(Material provided):
═══

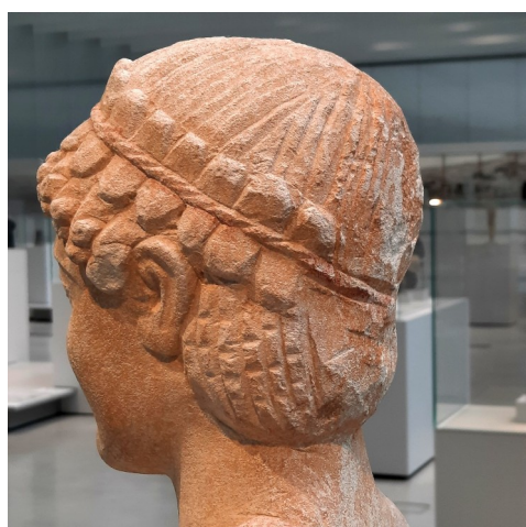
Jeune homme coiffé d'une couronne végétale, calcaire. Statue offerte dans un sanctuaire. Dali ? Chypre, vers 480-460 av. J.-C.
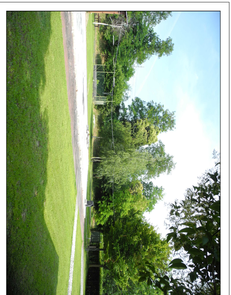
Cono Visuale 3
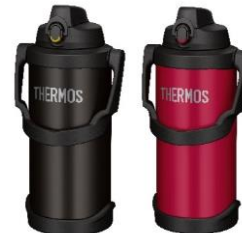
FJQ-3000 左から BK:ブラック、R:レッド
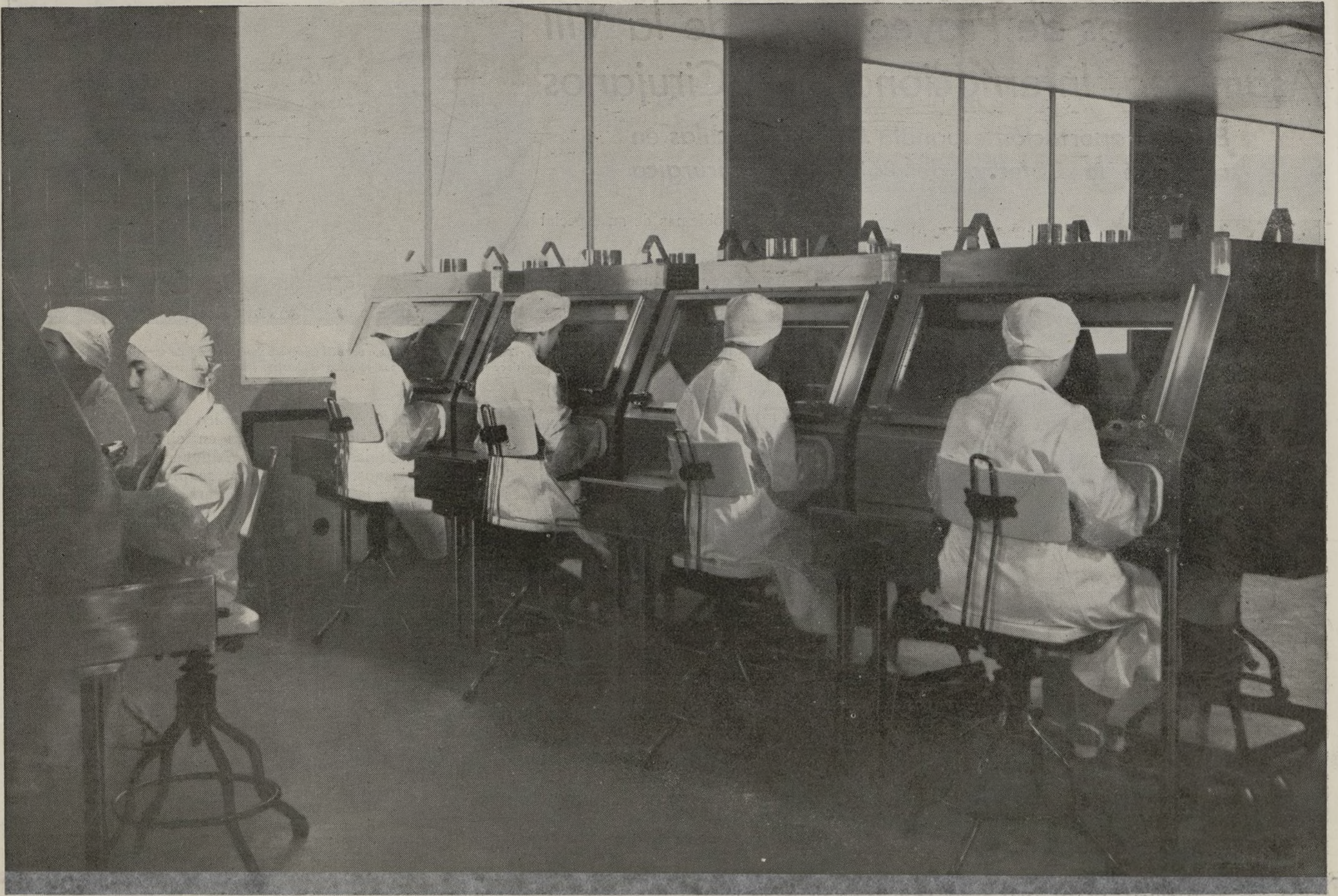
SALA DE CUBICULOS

═══

(Goal of the exercise): Return exactly the lines that begin with the one containing "Cono Visuale 3" and end with the final line of the data above; include no pictures.

(Reply):
Cono Visuale 3
FJQ-3000 左から BK:ブラック、R:レッド
SALA DE CUBICULOS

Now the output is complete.